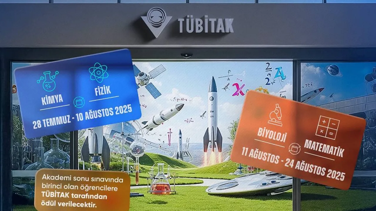 TÜBİTAK destekli 37 Bilim Merkezi’nde düzenlenecek Yaz Akademileri, 7. ve 8. sınıf öğrencilerine kapılarını açıyor. Akademi-1 (Kimya ve Fizik) 28 Temmuz-10 Ağustos, Akademi-2 (Biyoloji ve Matematik) ise 11-24 Ağustos 2025 tarihlerinde gerçekleşecek.
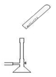 - Zapalte kahan, vezměte zkumavku, odzátkujte a přiložte k plamenu podle obrázku vlevo.
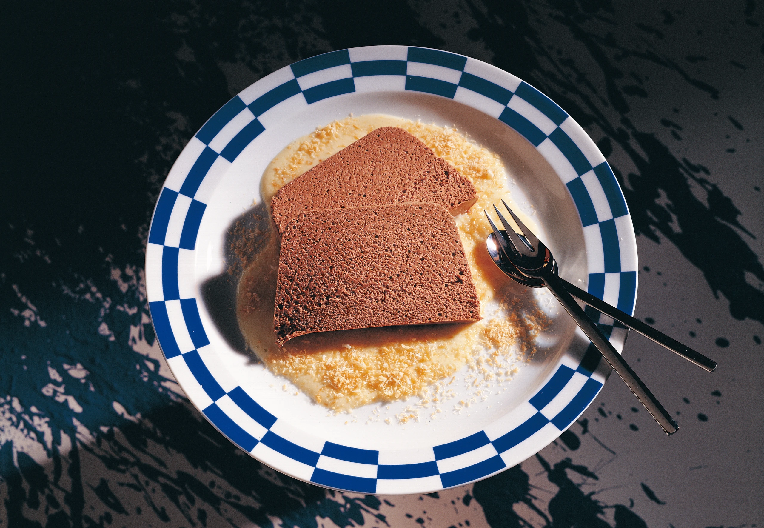 Gelatine gut ausdrücken und in der geschmolzenen Schokolade auflösen. Dottermasse und die Hälfte vom Obers in die Schokolade rühren, restliches Obers unterheben. Masse in die Form füllen und glattstreichen.
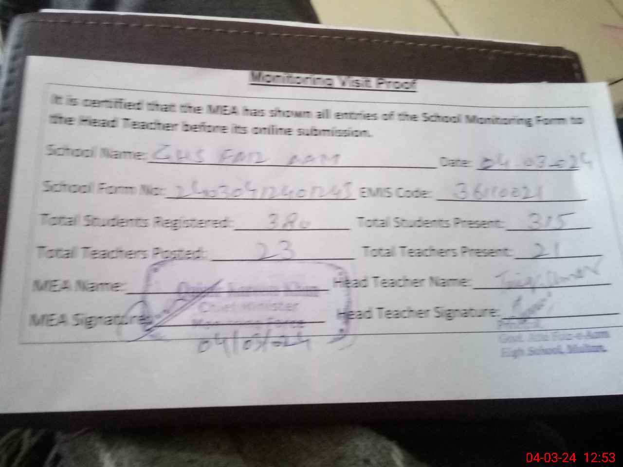 | Attendance Register | Head Teacher | MEA with School | Visit Proof |
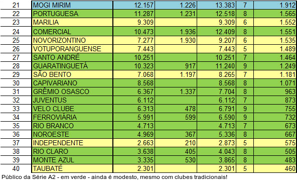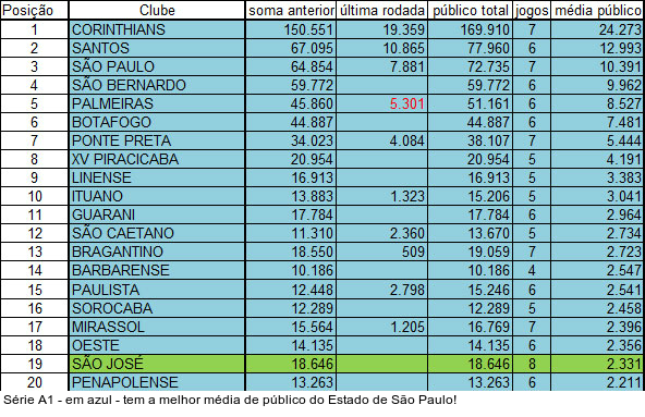 A rodada do final de semana quase não mexeu no ranking de público. O Corinthians (24.273) segue na liderança, seguido por Santos (12.993) e São Paulo (10.391). O Top 3 da Série A2 conta com São José (2.331), Portuguesa (1.565) e Comercial (1.551). Marília (1.552) - que assumiu a liderança da Série A3 -, Novorizontino (1.535) e Votuporanguense (1.489) são os três melhor clubes da terceira divisão estadual.

──────

▶ **REQUIRED ACTION**
Starting with the line that contains "Gelatine gut ausdrücken", print every line through the end of the data exactly as written; omit all pictures and add nothing else.

▶ **RESPONSE**
 Gelatine gut ausdrücken und in der geschmolzenen Schokolade auflösen. Dottermasse und die Hälfte vom Obers in die Schokolade rühren, restliches Obers unterheben. Masse in die Form füllen und glattstreichen.
 | Attendance Register | Head Teacher | MEA with School | Visit Proof |
 A rodada do final de semana quase não mexeu no ranking de público. O Corinthians (24.273) segue na liderança, seguido por Santos (12.993) e São Paulo (10.391). O Top 3 da Série A2 conta com São José (2.331), Portuguesa (1.565) e Comercial (1.551). Marília (1.552) - que assumiu a liderança da Série A3 -, Novorizontino (1.535) e Votuporanguense (1.489) são os três melhor clubes da terceira divisão estadual.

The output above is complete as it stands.